Brisbane’s Metro Mining Ltd announced yesterday the execution of a non-binding letter of intent (LOI) to deliver between 500 thousand to one million metric tons per year to the People’s Republic of China’s Shandong Aluminium Company Limited (Lubei) for at least three years.
The LOI contemplates Metro Mining commencing the delivery in April of next year when mining operations begin at the firm’s Bauxite Hills mine. Metro says the LOI provides for a continued and immediate framework for the parties to come to terms on a long-term, binding Offtake Agreement in the near future.
Lubei, which is China’s fifth-largest importer of bauxite, turns out approximately one million metric tons of alumina each year at its plant near Wudi in the northeastern province of Shandong. The agreement in question will fill up to forty percent of the company’s total yearly bauxite imports of 2.5 million metric tons.
“While it is a non-binding agreement, this LOI shows the strong appetite for our bauxite in the Chinese refining market,” opined Metro’s Managing Director Simon Finnis.
“We are committed to proceed to a binding agreement as quickly as possible, and are extremely pleased to have attracted another strong counterparty in Lubei,” he went on.
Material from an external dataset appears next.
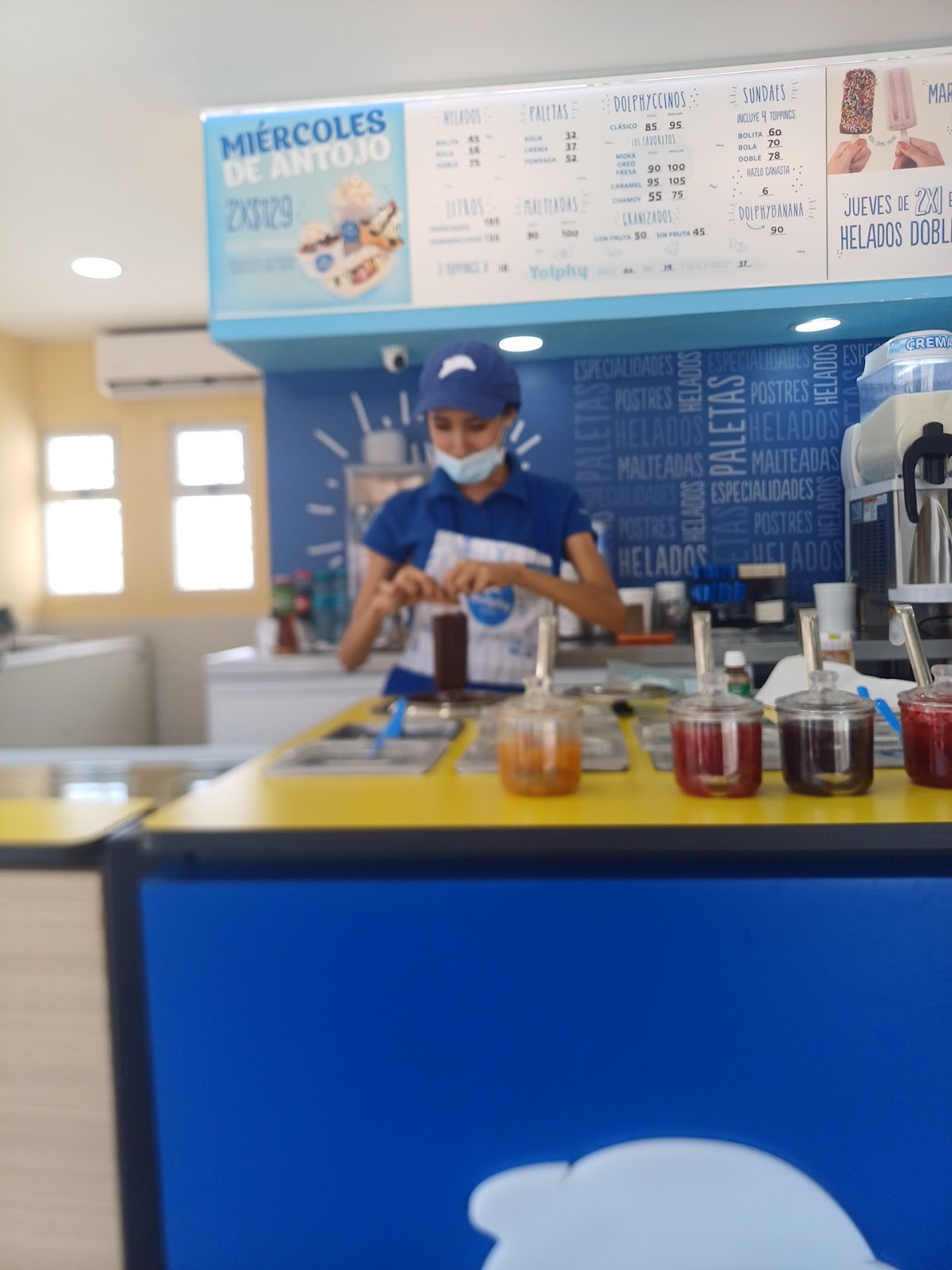 Helados Dolphy Paseo Gaviotas es una opción destacada para los amantes del helado en Manzanillo, ubicado en Av Paseo de Las Gaviotas 77, Soleares, Garzas Gaviotas. Este establecimiento ofrece una variedad de sabores, incluyendo opciones sin azúcar, ideales para quienes buscan alternativas más saludables sin sacrificar el sabor. Aunque el local es pequeño y principalmente orientado al servicio para llevar, la atención al cliente es generalmente buena, permitiendo disfrutar de un dulce momento en un ambiente sencillo. Algunos visitantes han señalado que el lugar puede pasar desapercibido al conducir, por lo que se recomienda estar atento a la dirección. La calificación en Google es de 3.8 estrellas, basada en cinco opiniones, reflejando una experiencia variada entre los clientes. Helados Dolphy es una parada conveniente para quienes buscan un postre refrescante en la zona de Garzas Gaviotas y sus alrededores, con fácil acceso y un ambiente informal.

“The proposed Lubei supply is in addition to the binding 7 million tonne, 4 year Offtake agreement signed with Xinfa in 2016 and, once completed, will put Metro in a very strong sales position for the ramp up phase of the Bauxite Hills Mine,” Finnis concluded.
Metro Mining is based in Brisbane, and began life when it was spun off from Cape Alumina Ltd. upon its takeover by MetroCoal Ltd in 2014. The firm has exploration rights in over 500 square miles of western Cape York, which is second to only Rio Tinto Alcan. Its primary asset is its Bauxite Hills Project, which is expected to yield up to four million metric tons per annum. Construction at the mine is scheduled to begin in June, with first production on pace to occur in April of next year.